Resource conservation, innovation and the planetary crisis

Researchers speak in this context of a ‘Great Acceleration’. And ‘sustainable development’ is an attempt to put the brakes on this acceleration. To start with, the idea is not as far removed from the productivity paradigm as one might think. Three hundred years ago Hans Carl von Carlowitz, one of the forefathers of sustainable development in Germany, wasn’t interested in forest conservation for the sake of the trees – a forest manager only in so far as he was a mining inspector, von Carlowitz’ ecological concerns came much later; he simply wanted to secure a supply of wood for melting metal in his native region of Saxony tomorrow and well into the future.

The wood crisis that so exercised von Carlowitz abated soon after his death. This was due not to the sustainable development von Carlowitz had championed – felling no more trees than can grow back – but to innovation: the discovery that it was possible to mine and burn coal on a huge scale. Thus began the spiral whose consequences have produced the planetary crisis we talk about today – and I’m referring not just to the immediate effect of the increase in atmospheric CO2 concentrations by 40 per cent to date, but also to the massive increase in material throughput, to land consumption, and to the loss of species.

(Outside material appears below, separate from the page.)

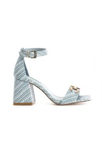 Sandalias con estampado efecto rafia refuerzo cerrado y accesorio dorado. plantilla de piel. tacón de 70 mm de altura.
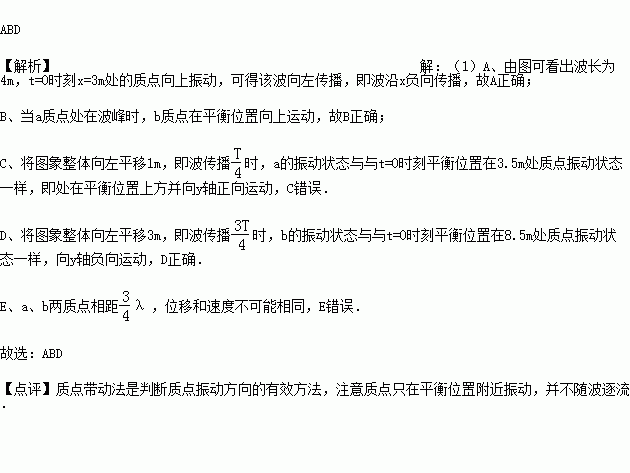 一列简谐横波沿x轴传播,周期为T,t=0时刻的波形如图所示.此时平衡位置位于x=3m处的质点正在向上运动,若a、b两质点平衡位置的坐标分别为xa=2.5m,xb=5.5m,则以下说法正确的是( )

Yet it was also this spiral that made it possible for the global population to increase seven-fold and for life expectancy to more than double worldwide – worldwide, not just in the Global North!

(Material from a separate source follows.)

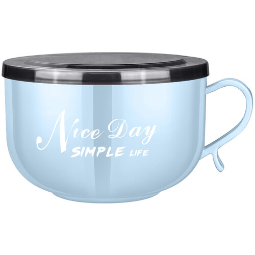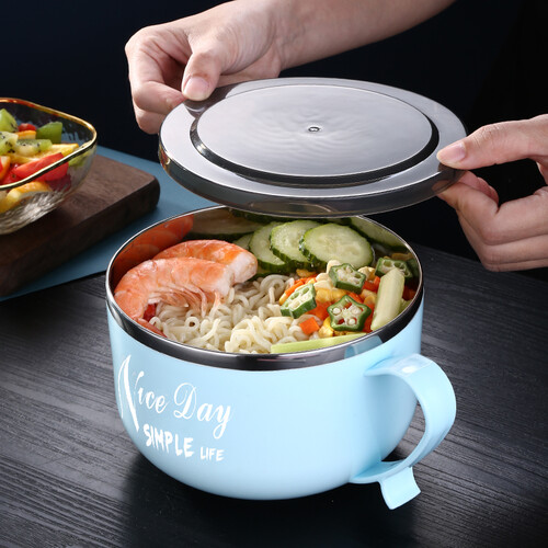 巧居巧具蓝色不锈钢带盖泡面碗

Less fire, greater vulnerability

Today, four billion people live in the world’s cities, four times the total global population in 1800. Forests have been drastically depleted as the area taken up by agricultural land has increased significantly. By the way, that fact alone disproves the claim that wildfires are on the rise. Desertification processes can be observed everywhere, but they have less to do with open burning fires than with leaching processes, which in turn stem from our need for animal feed, oil for engines and plastics, and cement. What is true is that such fires now pose a much larger threat to human life than they used to. That’s similar to the heat-island effect in cities, which exacerbates the consequences of heatwaves for the many people who live there, especially the weakest among them, the elderly and children: so human vulnerability is increasing, also due to fire.

I’m not talking about the scarcity of resources here, but about vulnerability and the loss of resilience. And usually – but not always – it’s poorer people who are the worst affected. The modern, political concept of sustainability, which has been in vogue for the last thirty years, is concerned above all with establishing justice in the distribution of benefits and risks.

Warming as opposed to burning

But a fairer distribution will not come from producing ever more, newer things. On the contrary, we need to ask ourselves what we can still do apart from producing and consuming, metabolising and combusting. The transformation towards sustainability must mean: not just viewing trees as a resource, but also appreciating the forest as a habitat. Because the log upon which the flame ignites does matter after all: it needs to keep us warm without burning us.